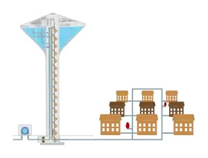 - Water tower (also known as elevated surface reservoir): An elevated water tank. A few common types are spheroid elevated storage tank, a steel spheroid tank on top of a small-diameter steel column; composite elevated storage tank, a steel tank on a large-diameter concrete column; and hydropillar elevated storage tanks, a steel tank on a large-diameter steel column. The space within the large column below the water tank can be used for other purposes such as multi-story office space and storage space. A main concern for using water towers in the water distribution system is the aesthetic of the area.[11][12]
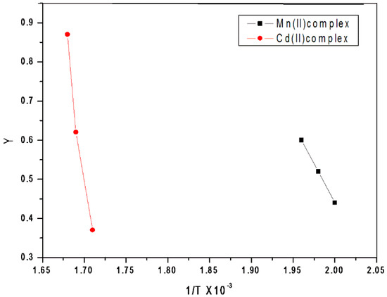 The activation variables ∆H*, ∆S*, and ∆G* for the degradation stages of the mentioned complexes are recorded in Table 5. The negative ∆S* values of stages for the Mn(II) complex and Cd(II) complex decomposition suggest that the stimulated compound was forced to be high by the reactants; and the reactions were lower than normal. The positive ∆G* values indicate the nonspontaneous decomposition of the reaction.
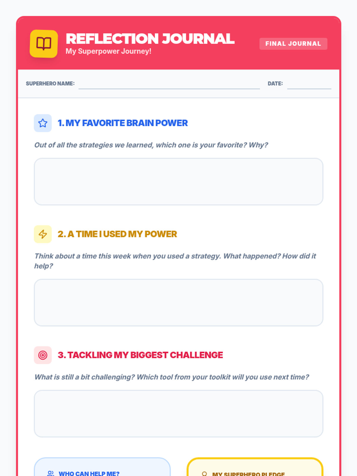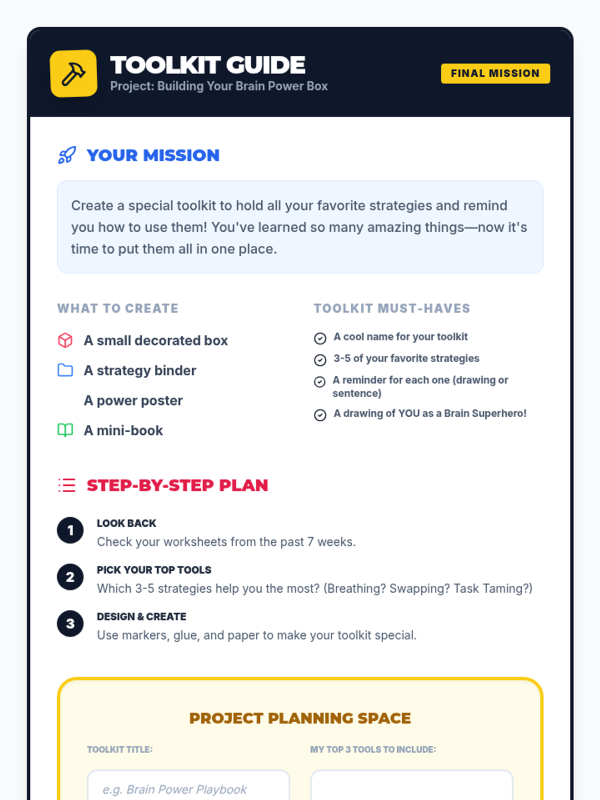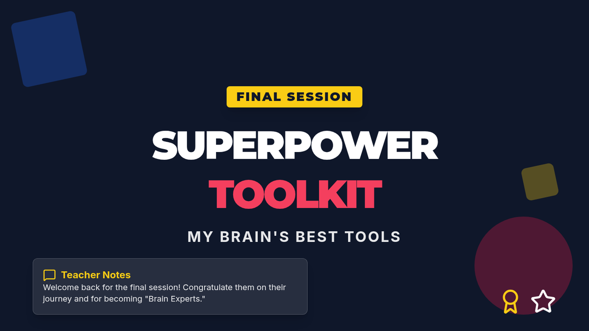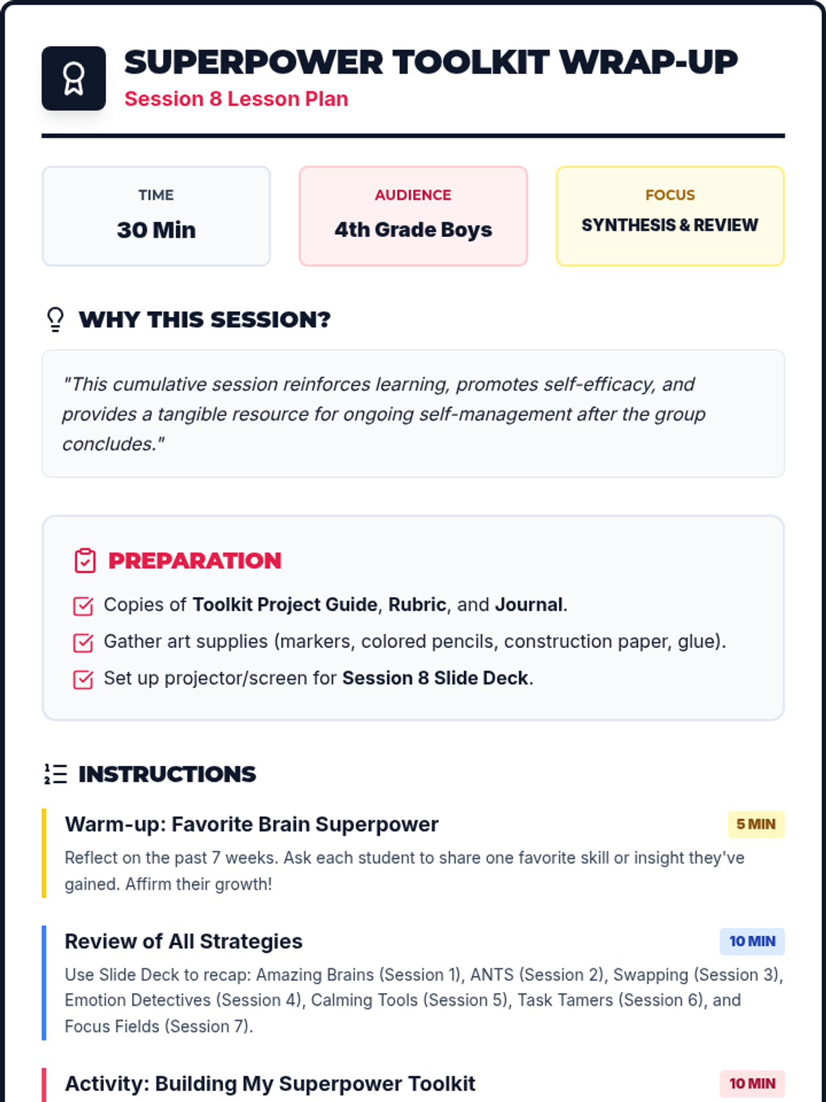 A cumulative session where students review all learned skills and create a physical or digital "Superpower Toolkit" for ongoing use after the group ends.

DESCRIPTION OF THE TASK:
Transcribe the listing above in full and exactly; no pictures belong in the copy.

EXERCISE RESULT:
 - Water tower (also known as elevated surface reservoir): An elevated water tank. A few common types are spheroid elevated storage tank, a steel spheroid tank on top of a small-diameter steel column; composite elevated storage tank, a steel tank on a large-diameter concrete column; and hydropillar elevated storage tanks, a steel tank on a large-diameter steel column. The space within the large column below the water tank can be used for other purposes such as multi-story office space and storage space. A main concern for using water towers in the water distribution system is the aesthetic of the area.[11][12]
 The activation variables ∆H*, ∆S*, and ∆G* for the degradation stages of the mentioned complexes are recorded in Table 5. The negative ∆S* values of stages for the Mn(II) complex and Cd(II) complex decomposition suggest that the stimulated compound was forced to be high by the reactants; and the reactions were lower than normal. The positive ∆G* values indicate the nonspontaneous decomposition of the reaction.
 A cumulative session where students review all learned skills and create a physical or digital "Superpower Toolkit" for ongoing use after the group ends.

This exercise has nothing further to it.